Using Implementation Science to Support Personal Goals and Resolutions
11-min read
Applying the Theoretical Domains Framework (TDF) to personal behavior change
In late 2023, during a TCI team meeting, we started joking around about some personal behavior changes we were working on and where we would map them to the Theoretical Domains Framework (TDF). We laughed about the change strategies we selected (spoiler alert: Julia picked audit and feedback, which is shocking given her feelings about this strategy). The conversation made us wonder if other people who are nerdy about implementation science, like us, might also find our behavior changes interesting, and if sharing them may encourage others to try using implementation science to implement their own goals and resolutions.
So, this month, instead of discussing a specific implementation science topic, five team members shared reflections about the barriers and facilitators (mapped to the Theoretical Domains Framework) for their personal behavior changes.
Some team members haven’t started making their change yet, while others have and are making progress. Two people selected the same behavior change (folding and putting away laundry) without realizing it, and while we debated asking one person to switch their behavior change, we thought it may be fascinating to see different reflections about the same behavior change.
Here is an overview of the five behavior changes:
Valentina is reducing her time spent on social media
Carrie and Alexis are both resolving to fold and put away laundry
Jonathan is working on communicating more directly
Julia is reducing her sitting time
We hope you find our behavior change reflections as fun and inspiring as we did.

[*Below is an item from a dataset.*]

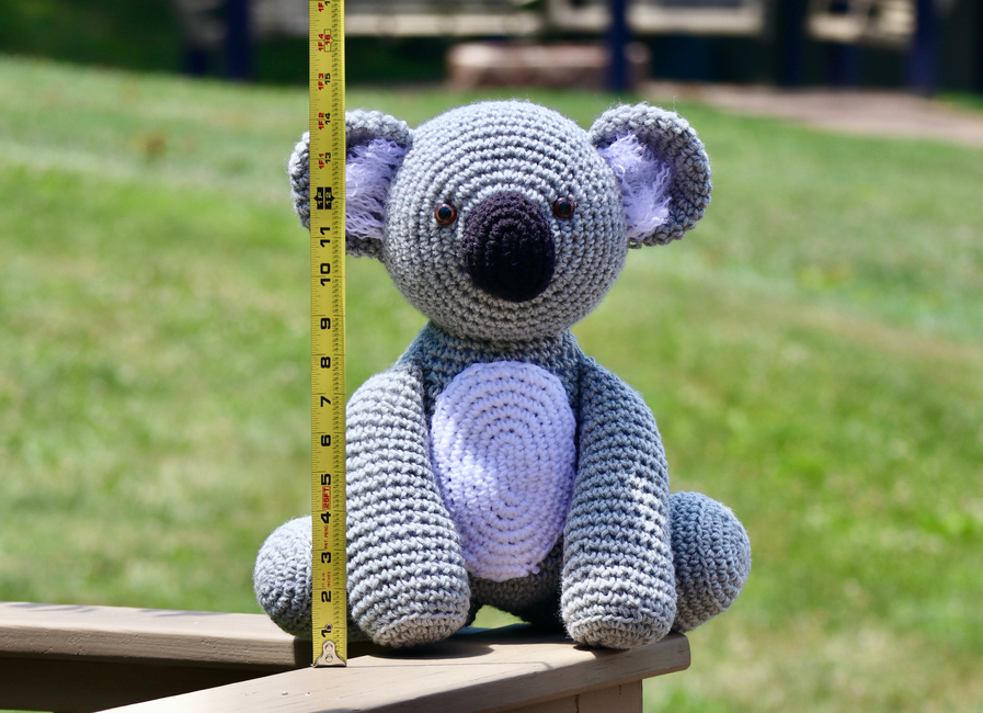 Kirra the Koala measures approximately 14" tall (sitting) x 10" wide.

Goal: Reduce time spent on social media
Team Member: Valentina
TDF barriers and facilitators
Behavior regulation
Memory, Attention, and Decision Processes
Goals
Emotions → My frustration is serving as a facilitator here
Change strategy
A reminder + restriction combination as a strategy (even though it doesn’t match the TDF)

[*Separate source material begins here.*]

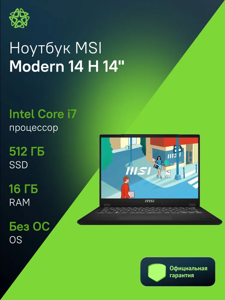 MSI 14 H D13MG-089XRU Ноутбук 14.00", Intel Core i7-13700H, RAM 16 ГБ, SSD 512 ГБ, Intel Iris Xe Graphics, (9S7-14L112-089), черный, Русская раскладка

I have used reminders in the past, such as setting up a notification system for when I pass X hours on X app. It would remind me that I had reached my limit, but I would always be ready for more. I then realized that my issue was not that I stayed on the app but that I opened it without realizing it. So, a reminder that X hours have passed wouldn't solve my issue; I needed something that forced me to evaluate my choice to open the app consciously – to make sure that's what I really wanted.
I downloaded an app called "One Sec" that works as an automation within your phone (the free version only allows me to use one app, so I decided to use it for Instagram).

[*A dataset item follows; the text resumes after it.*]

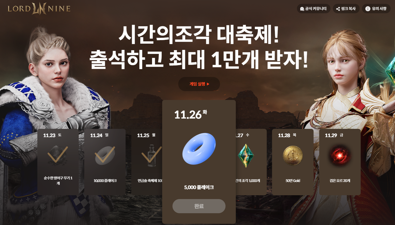 1. 로드나인 출석(플레이)
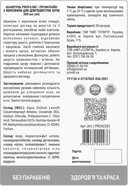 - Шампунь для длинношерстных котов ProVET Profiline с кератином 300мл

Every time I try to open Instagram, it immediately restricts my use and presents a screen that says "Take a deep breath" which lasts 15 seconds.
After those 15 seconds, I am shown how many attempts of opening Instagram I had within the last 24 hours and when I last used it.
At the bottom of that screen is a button that says, "I don't want to open Instagram," and one below it that says, "Continue to Instagram."
If I press "I don't want to open Instagram," it will close the app.
If I press "Continue to Instagram," it will open the app.
Here are some of my stats since I downloaded the app (~mid/end of December):
In December, I had 101 attempts/week.
I have saved four hours/week (according to One Sec analytics).
My weekly usage average went down from ~9h to ~6h (according to Apple's Screen Time analytics). That means ~3 hours saved according to my phone (I suspect this is more accurate than One Sec analytics).
I only reached my one-hour limit twice.
I will continue to test this strategy, but so far, using One Sec to help restrict my usage has allowed me to consciously decide whether or not I want to open the application.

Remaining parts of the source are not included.